台風24号の被害状況を現地視察した高鳥農林水産副大臣(中央)=21日、伊仙町伊仙の高潮被害地区
【徳之島】高鳥修一農林水産副大臣が21日、先月末に奄美群島を襲って大きな爪跡を残した台風24号の被害視察で徳之島を訪問。倒伏・折損・塩害を受けた基幹作物サトウキビのほ場や高潮被害の農地、製糖工場の現状など3町を現地視察。高鳥副大臣は「被害は甚大。サトウキビ増産基金は15日に発動した。今後も予算確保をしっかりとしたい。災害復旧は、査定前着工制度もあり検討して欲しい」と述べた。
現地視察は、三反園訓知事の金子万寿夫衆院議員(鹿児島2区)らを伴なった吉川貴盛農水大臣への台風災害復旧対策の直接要請(16日)がきっかけ。現地視察には、金子氏をはじめ農水本省と九州農政局から13人、県からは中村かおり副知事や農政部職員ら10人が随行した。
地元徳之島3町長や当局の案内で台風24号の暴風雨や潮風害で甚大な被害を受けた各町のサトウキビほ場を視察。海抜約12㍍付近まで高潮が押し寄せ農地の表土が洗掘されて岩石が覆い生産基盤が損なわれた伊仙町中部地区の海岸部の被害ほ場では、説明を受けながら約40分間にわたって現状を把握した。

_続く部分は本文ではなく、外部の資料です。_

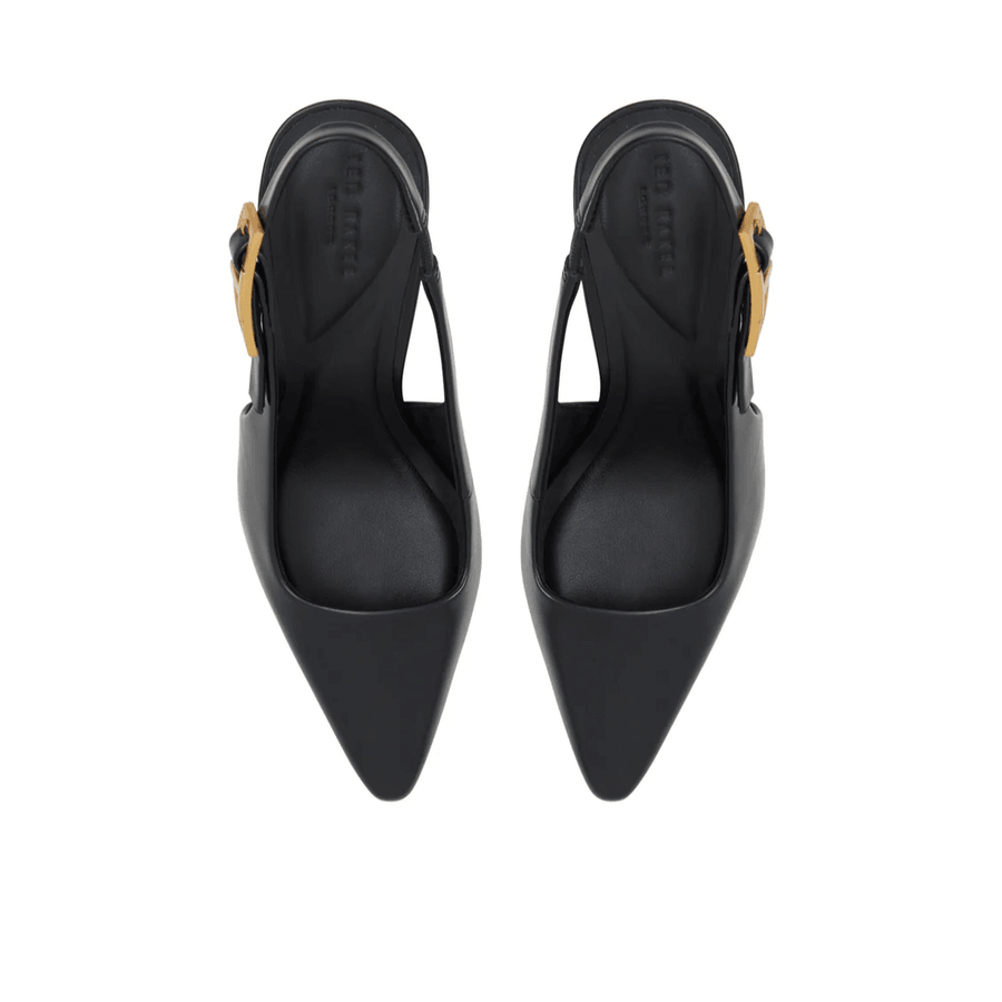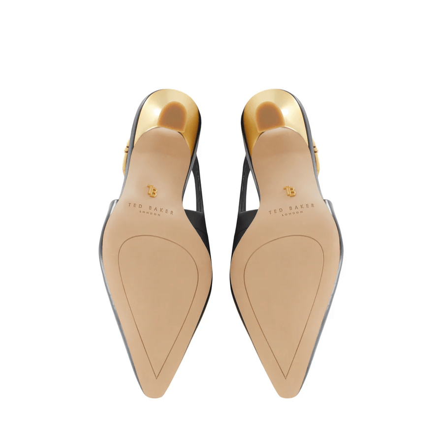 The Ted Baker LOLA T-BUCKLE | BLACK is not just a pair of shoes; it’s a statement piece. The luxurious smooth leather upper ensures durability and a polished look. The metallic gold accents of the T-buckle beautifully contrast with the classic black, making these pumps a must-have for any fashion-forward wardrobe.

同町内の高潮被害農地は約12㌶(約1億円)を予想。大久保明町長は「この畑が復旧して農業が安心して出来るように」。町担当者も「台風災害が多岐にわたるが、農業で生計を立てている小さなまちの災害復旧にお力添えを」と直訴。キビ約33㌶を手掛ける大竹勝人さん(55)=同町阿三=は「十数年前の高潮被害以上の被害。今年は豊作と思っていた中での被害で、農家はやる気を失っている」と窮状を訴えた。
高鳥副大臣は会見で「サトウキビの倒伏・塩害、高潮による被害は甚大。国としてはサトウキビ増産基金を15日に発動した。今後の予算確保もしっかりとやらせていただきたい。災害復旧は査定前着工制度もあるので活用して欲しい」とも述べた。
特に印象に残った高潮被害地区の農家については「キビほ場が根こそぎやられて石がゴロゴロ入り込み、復旧もままならない状況。生産者の皆さんは去年も台風災害を受け非常にがっかりしている。ぜひ希望持っていただきたい。農水省としても対策をしっかり取りたい」と気遣った。